Chapter 1
They say that a writer creates a world. When he writes, he’s a god, a creator, holding the fate of his characters in his hands. He can twist and turn them, becoming immortal in a reader’s mind. The soft breeze of my room evoked a sense of dread in me, like what I had been waiting for would come, and it wouldn’t be anything that I actually wanted. So as my fingers type, as maybe my life will come to its bitter end, I want to create, because when everything else is stripped away, words inked into a piece of paper might remain.
I don’t believe in long stories. I’m simple that way. I believe in getting to the essence of things, like—you know—here’s the thing: I made a deal with the devil, and I paid the consequence. I had shamelessly, but with an altered, heavy heart, held my cup of wine up and toasted away my own demise. He asked me what I was willing to sacrifice to gain the utter knowledge that everything did indeed have a price, and I boldly said, “love.” You know, because it was never truly meant for me.

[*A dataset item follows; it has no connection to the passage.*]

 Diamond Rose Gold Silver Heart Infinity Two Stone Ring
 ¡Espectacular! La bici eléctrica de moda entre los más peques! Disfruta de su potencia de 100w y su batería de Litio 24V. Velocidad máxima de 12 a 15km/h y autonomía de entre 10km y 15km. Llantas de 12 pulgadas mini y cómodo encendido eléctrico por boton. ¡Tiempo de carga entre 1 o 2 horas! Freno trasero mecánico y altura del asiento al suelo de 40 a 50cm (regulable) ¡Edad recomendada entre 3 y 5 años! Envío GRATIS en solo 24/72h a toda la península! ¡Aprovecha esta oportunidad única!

Fast forward to today, and it was a much heavier sacrifice than I ever expected. I had not bargained away love. Because what is love? A vast, faulty, myth-like thing that we dream and think and write so many tragic poems about. I sacrificed my heart the day it started beating again, nonetheless. The joke’s on me. It was quiet before, stilled into the tune of the afterlife, where I was the judge, the jury, the last thing between the dead and whatever fate awaited them.

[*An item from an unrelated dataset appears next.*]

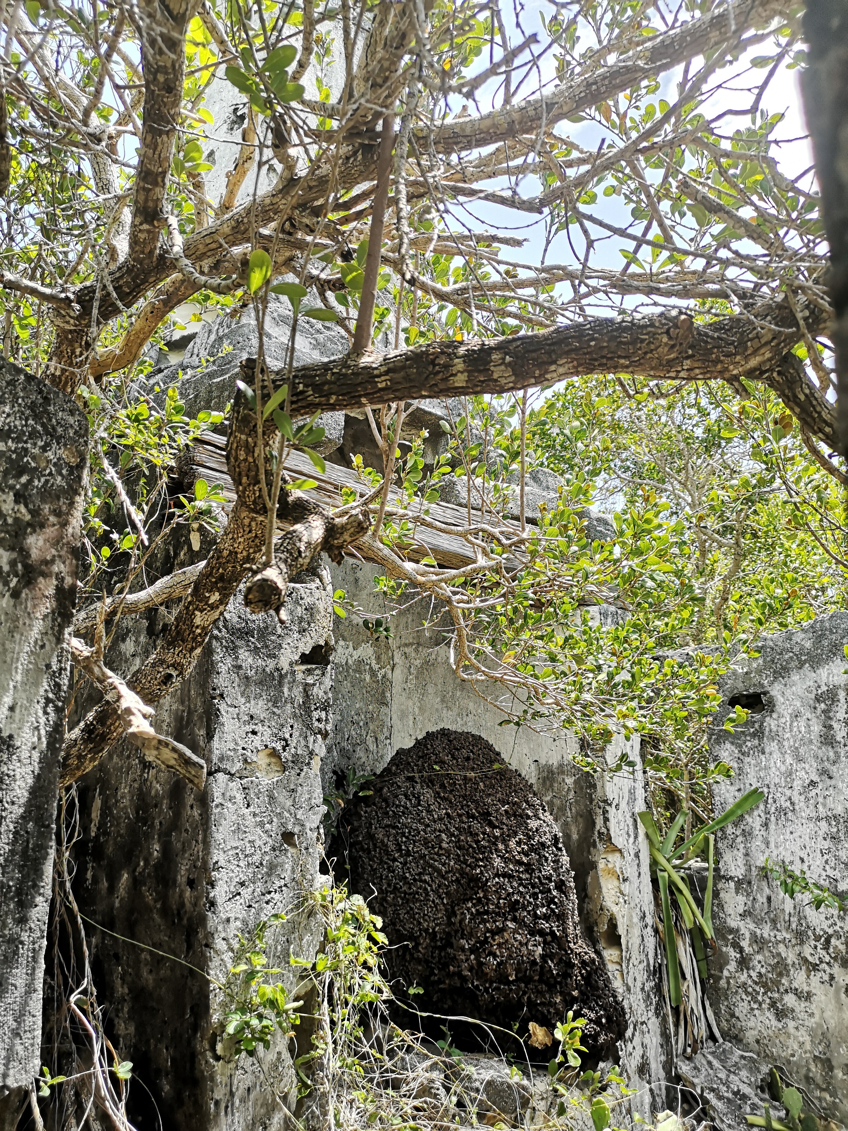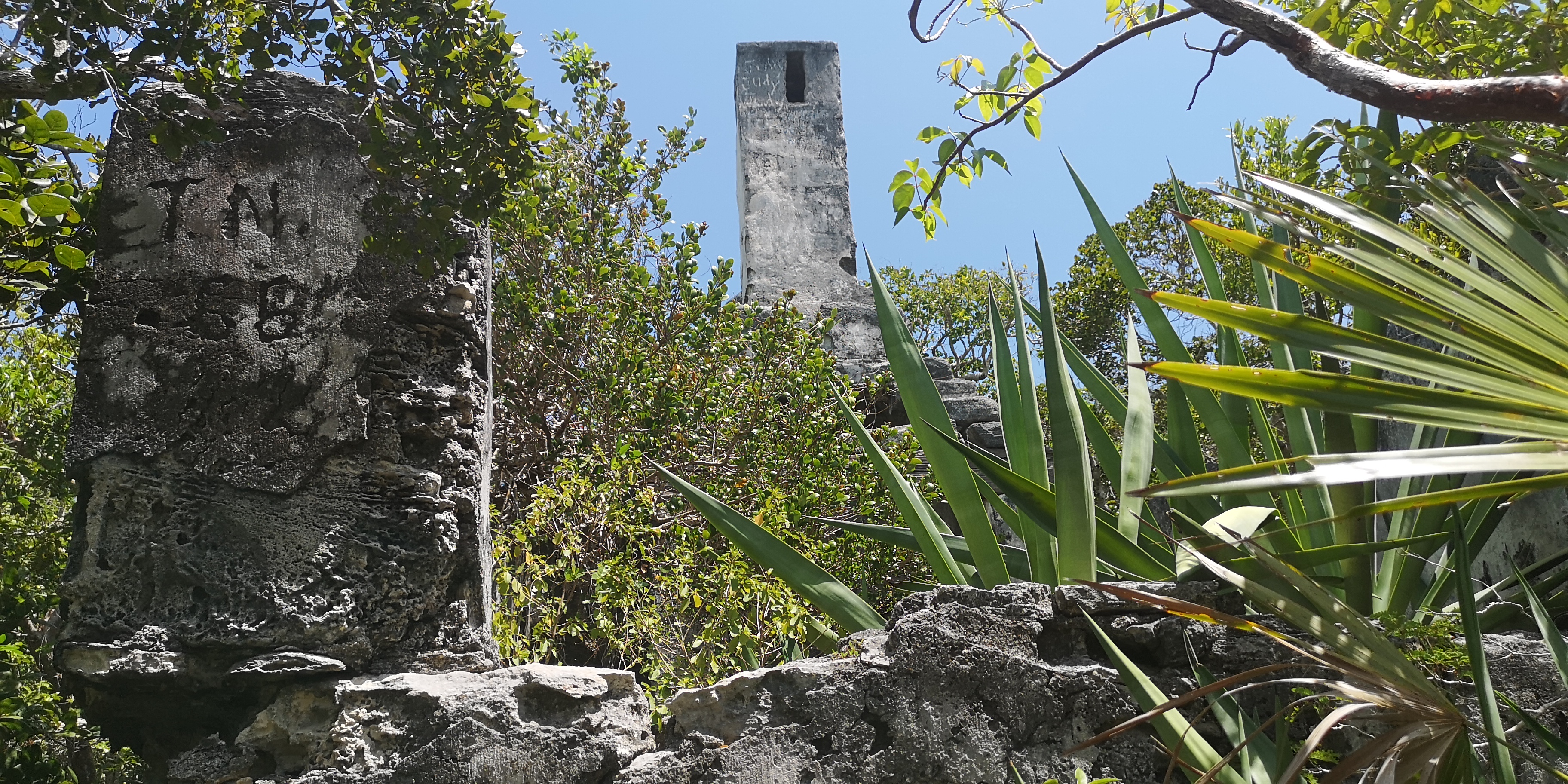 Und zu Ruinen von Bauwerken vergangener Zeiten. Ein Gebäude mit hohem Schornstein. Was es damit auf sich hat? Vielleicht brannte man hier früher aus Zuckerrohr Rum? Wir wissen es nicht und finden auch nichts im Internet dazu.

But this story is not just about me. My story has its characters. And I did not create them. They were—they entered into my life in a flow and a twist of fate, as you may call it, although it has already become a cliché. Fate—it’s a feeble thing, and I should know, because it changes. To believe in it is to strip away all choice. No, these people, they came into my existence as a domino effect—a push, a tiny breath on a butterfly wing, and it flew, and then everything after, it fell in a sequence. Blop, blop, blop, like a steady stream of raindrops.
So before I tell you my story, I want to tell you a short story about a girl I knew.
Her name was Scarlet, and she was a force. She asked questions and persisted to know. She looked to the stars in awe, for them to show the truth of the world and knowledge alike. She searched far and wide for answers unknown. She thought she could take them, because she wanted to dare, she wanted to go, to split the universe to bits and listen to secrets untold. And you should see what big eyes she had—the kind that drove the wolves mad. And a smile that stilled the unease, and a spirit untamed.
She didn’t know one thing, though: the divine had deemed her a little treacherous, innocent thing—God’s favorite angel, and the devil’s favorite sin.
And right before I marched down to hell and knocked on the gates, demanding to speak to its master, Scarlet and I had made a sweet little deal. I would let him out, and she would send his ass right back down.